Is there Disk Limit on Warm/Hot Nodes

Hi All,

We are running Hot/Warm nodes for time series data. Hot Nodes are on SSD and Warm are on Spinning disks both with 64GB Ram where 30G is allocated as ES heap size. ES version is 5.6.x. Is there any limit of data storage on these nodes particularly on Warm Nodes . Based on our current Infra, we are storing around 6-8TB of Data on each Hot Node and around 18-20TB Data on each Warm Node.

Does ES poses any limitations or provide recommendation on optimal Disk Storage for Each Type of Nodes before we consider increasing the disk or increasing the nodes.

There are watermarks as per https://www.elastic.co/guide/en/elasticsearch/reference/6.2/disk-allocator.html.

@warkolm thanks for your reply. I am not referring about water markers. Let me rephrase my question:
Can I have warm nodes with es data size of 20TB each assuming my HDD space is around 40TB/node

There is no defined limit. The amount of data you can store in open indices on a node will depend heavily on the use-case as well as the version of Elasticsearch in use, so it is hard to give a generic answer. When you are dealing with high-density nodes, it often comes down to how much you can optimise heap usage, as this is generally a finite resource. There are a number of things that consume heap in a cluster that is use-case dependent:

  • As described inthis blog post, each shard consumes a certain amount of heap space. Larger shards and segments typically consume less per data volume that smaller shards and segments. How well you can optimise this will therefore have an impact.
  • The mappings used for data can also drive heap usage. text mappings used for free-text search, parent-child relations and nested documents e.g. result in heap usage.
  • You also need to leave some heap for querying. How much depends on what type of queries you run and whether the data nodes also acts as coordinating nodes or not. Frequency and query volume naturally also play into this.

Thanks for your reply.

Below is the extract from the blog you have shared in your post. As per this If I am on ES 5.6.x version with 30G heap with 750 shards with each 25G, then i can roughly store 18TB of index data(time series) as per the recommendations.

Blockquote
TIP: The number of shards you can hold on a node will be proportional to the amount of heap you have available, but there is no fixed limit enforced by Elasticsearch. A good rule-of-thumb is to ensure you keep the number of shards per node below 20 to 25 per GB heap it has configured. A node with a 30GB heap should therefore have a maximum of 600-750 shards, but the further below this limit you can keep it the better. This will generally help the cluster stay in good health.

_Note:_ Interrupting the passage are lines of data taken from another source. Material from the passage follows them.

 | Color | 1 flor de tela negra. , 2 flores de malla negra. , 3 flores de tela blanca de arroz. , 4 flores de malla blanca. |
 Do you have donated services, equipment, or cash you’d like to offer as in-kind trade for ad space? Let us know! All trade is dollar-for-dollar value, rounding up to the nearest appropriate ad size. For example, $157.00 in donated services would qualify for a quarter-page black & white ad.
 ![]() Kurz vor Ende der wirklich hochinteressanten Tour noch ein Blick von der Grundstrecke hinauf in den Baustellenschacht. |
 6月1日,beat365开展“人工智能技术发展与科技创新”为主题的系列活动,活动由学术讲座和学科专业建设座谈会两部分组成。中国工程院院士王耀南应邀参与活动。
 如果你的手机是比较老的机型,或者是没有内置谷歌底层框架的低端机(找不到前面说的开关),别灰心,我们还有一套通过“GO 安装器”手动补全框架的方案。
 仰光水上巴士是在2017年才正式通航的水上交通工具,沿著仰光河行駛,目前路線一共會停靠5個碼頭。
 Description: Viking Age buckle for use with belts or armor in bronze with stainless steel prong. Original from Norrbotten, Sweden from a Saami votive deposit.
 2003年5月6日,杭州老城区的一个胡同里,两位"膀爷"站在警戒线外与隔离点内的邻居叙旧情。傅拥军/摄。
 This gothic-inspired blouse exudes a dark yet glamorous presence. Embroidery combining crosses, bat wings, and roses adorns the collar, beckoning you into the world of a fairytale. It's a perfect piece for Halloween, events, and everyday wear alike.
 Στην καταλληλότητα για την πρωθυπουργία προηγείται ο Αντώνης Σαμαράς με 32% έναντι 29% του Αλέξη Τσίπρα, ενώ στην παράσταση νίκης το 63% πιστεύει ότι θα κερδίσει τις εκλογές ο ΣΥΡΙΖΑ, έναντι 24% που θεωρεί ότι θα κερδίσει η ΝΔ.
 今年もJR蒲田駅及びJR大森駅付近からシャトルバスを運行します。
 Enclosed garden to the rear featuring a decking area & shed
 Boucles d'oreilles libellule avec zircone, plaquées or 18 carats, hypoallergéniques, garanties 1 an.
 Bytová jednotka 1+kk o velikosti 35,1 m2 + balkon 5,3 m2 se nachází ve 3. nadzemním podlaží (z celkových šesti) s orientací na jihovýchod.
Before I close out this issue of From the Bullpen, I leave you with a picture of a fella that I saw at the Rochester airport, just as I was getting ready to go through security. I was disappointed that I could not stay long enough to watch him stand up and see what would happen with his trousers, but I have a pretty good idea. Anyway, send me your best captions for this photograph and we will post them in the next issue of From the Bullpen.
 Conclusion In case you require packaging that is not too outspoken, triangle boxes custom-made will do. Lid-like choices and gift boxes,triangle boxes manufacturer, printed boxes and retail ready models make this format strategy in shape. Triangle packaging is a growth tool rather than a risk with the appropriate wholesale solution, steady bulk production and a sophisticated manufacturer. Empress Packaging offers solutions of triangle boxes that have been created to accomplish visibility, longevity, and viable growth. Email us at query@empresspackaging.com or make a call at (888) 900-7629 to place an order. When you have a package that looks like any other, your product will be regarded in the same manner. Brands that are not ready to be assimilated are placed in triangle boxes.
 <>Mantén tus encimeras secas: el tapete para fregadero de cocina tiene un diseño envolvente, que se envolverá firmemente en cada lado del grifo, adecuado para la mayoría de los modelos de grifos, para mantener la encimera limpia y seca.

As it depends on the use-case, in the end this is something you will need to test/benchmark. The blog post provide some general guidelines regarding a recommended maximum number of shards on a node. This will depend on your shard size and how much overhead you have, and your real maximum could very well end up being lower. Note that it is not saying that you should be able to have 750 shards irrespective of shard size.